Jenkins projects at my current workplace are really heterogeneous, e.g. we’re using TFS and Git for SCM’s, building on CentOS and Windows alike, from Java to .Net projects. Lately, NodeJS was added to the mix. There is a variety of approaches for building NodeJS projects in Jenkins out there, but none of them really fit our case. The reasons why:

  • Packaged application must be published to local Artifactory
    • This is part of our regular CI flow
    • All artifacts must reside here
  • No package managers allowed on production servers
    • When deploying, the entire application should be deployable as is, one package picked up from Artifactory
    • OS dependencies are already present during application deploy, all others should be contained in the application itself
  • Managing private NodeJS dependencies
    • Java / Maven projects already natively support this, so the idea was to keep the flow as close to this one as possible
    • When Artifactory starts supporting NPM repositories, this might change
  • Must use Maven Release plugin to well, perform releases
    • On Jenkins, the idea is to use release new versions using this plugin

Some of these are imposed by our own work flow which may not fit yours, but it seems to me that the final solution is good and applicable to other ecosystems as well.

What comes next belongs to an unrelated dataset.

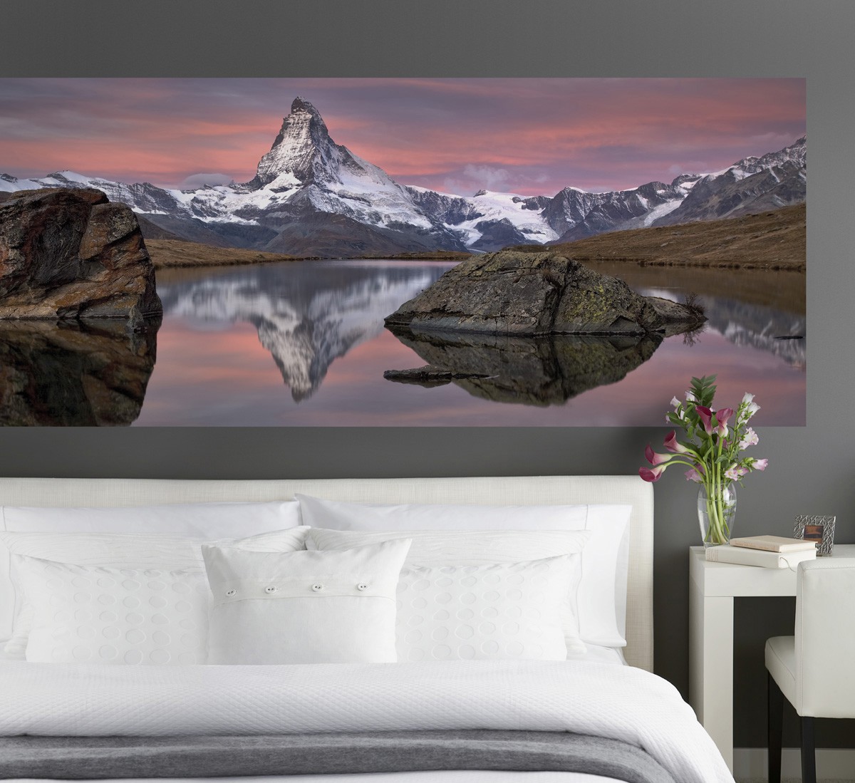 Живописные горы, обласканные лучами заходящего солнца.

Since Maven was needed in the flow, both for managing dependencies and for performing releases from Jenkins, we needed to reconcile Maven project definition in pom.xml with NodeJS structure. The pom was required to support the following actions (within Maven life-cycle and Jenkins too):

  • Install test and run-time dependencies
    • They are needed on developer or Jenkins build machine
    • And are installed to the project’s node_modules folder
  • Install private dependencies
    • From other in-house projects
  • Create packages for deployment
    • To be published to Artifactory from Jenkins
  • Run tests
    • In Jenkins readable format

Installing test and run-time dependencies is performed within Ant task:

<execution>
  <id>compile</id>
  <phase>compile</phase>
  <configuration>
    <tasks>
      <echo message="========== installing public dependencies ===================" />
      <exec executable="npm" dir="${project.basedir}" failonerror="true">
        <arg value="install" />
      </exec>
    </tasks>
  </configuration>
  <goals>
    <goal>run</goal>
  </goals>
</execution>

So essentially, “npm install” is executed. At this time, using npm is OK since developer machines or CI build machines have internet access and can pull all those dependencies easily.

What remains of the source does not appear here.